I heard that Tasmania-island and its one of the beautiful place to visit..i have seen it in map only..but in future would like visit there..


----------



## advia (May 26, 2012)

is tasmania near sydney?


----------



## Kimaussie (May 17, 2012)

advia said:


> is tasmania near sydney?


Tasmania is an 18 hour drive from Sydney and then a boat ride. Or you could take a flight.


----------



## Nadineee (May 10, 2011)

Well asking if its near is a bit funny  








That image should make you see why

Btw have been there for a couple of months and loved it! 
If you have the time go there but rather in summer time, can be really cold downt there!


----------



## jamesfly (Jun 7, 2012)

Tasmania is one of the best island to visit.I am not see it but heard about it that it is a beautiful island.


----------



## Jiruss (Apr 11, 2010)

i am new and still trying to see how this works, but i will like to immigrate to Australia. Age is not on myside,over 40yrs i have been swindled one by agroup who call themselves migration planners. hope this a safe place.


----------



## chenelle84 (Jun 24, 2012)

Tasmania is beautiful i lived there for 3 years.

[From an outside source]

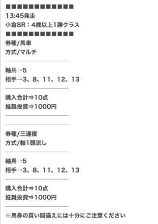 13が抜けてて万馬券取れなかったよ~( ;∀;) センスないねえ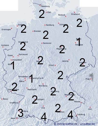 Ein meist freundlicher Sommertag. Leichte Benetzung entsteht nur durch nächtlichen Strahlungstau. Am Abend können außerdem im Südschwarzwald und Oberschwaben einzelne Gewitter für eine Benetzungszeit von 2 bis 4 Stunden sorgen.

I am an australian born and bred here.

Tasmania is also very cold so dont go in winter without several layers of clothing and some gloves and socks lol

summer time is amazing..

You could spend your time mountain climbing, sampling the local produce, experiencing the australian wildlife face to face & wandering to the national parks. its rugged picturesque (dont go there without a good camera cause u will miss lots of picture opportunities) and you can even find yourself visiting the legendary salamanca market on a sunday 5 mins drive from hobart..

To get to tasmania i would recomend

*The spirit of tasmania departing melbourne*
its a small passenger ferry with luxurious rooms & budget cabins to accomodate all.
it takes 11 hours to travel bass strait (the ocean between melbourne and tasmania)

or

*Flying*
Its only a one hour flight from melbourne to hobart if you wish to get there fast and cheap!

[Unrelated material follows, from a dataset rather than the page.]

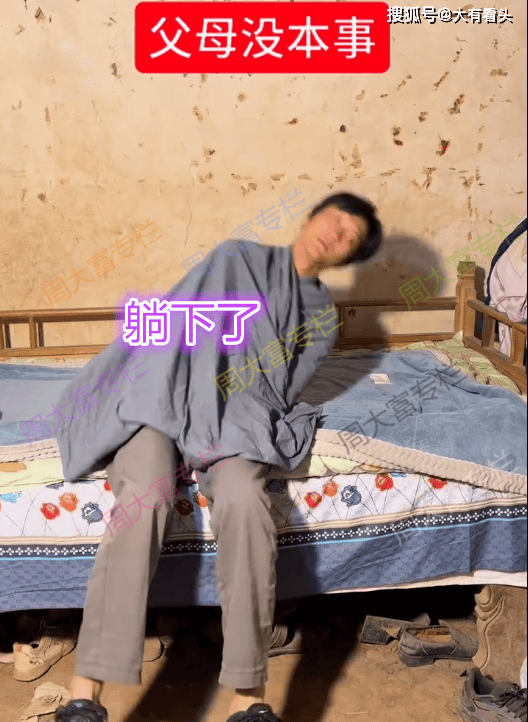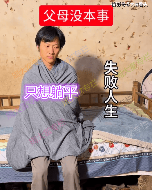 男子吃完饭,也不出去干活,就裹着大被子躺在床上睡觉,他的理由是老爸是躺平了,自己也要躺平,这才是真正的父子

Enjoy your trip, And do visit tasmania as its not to be missed & plays a _huge_ role in australian cultural lifestyle & will definately leave you feeling satisfied as there is much to be explored and discovered!!


----------



## ebinmoothedam (Mar 13, 2012)

I have heard a lot about Tasmania from my girl. Once I am in Australia I am going to visit this place. Also I want to take a sail in Spirit Of Tasmania !!!


----------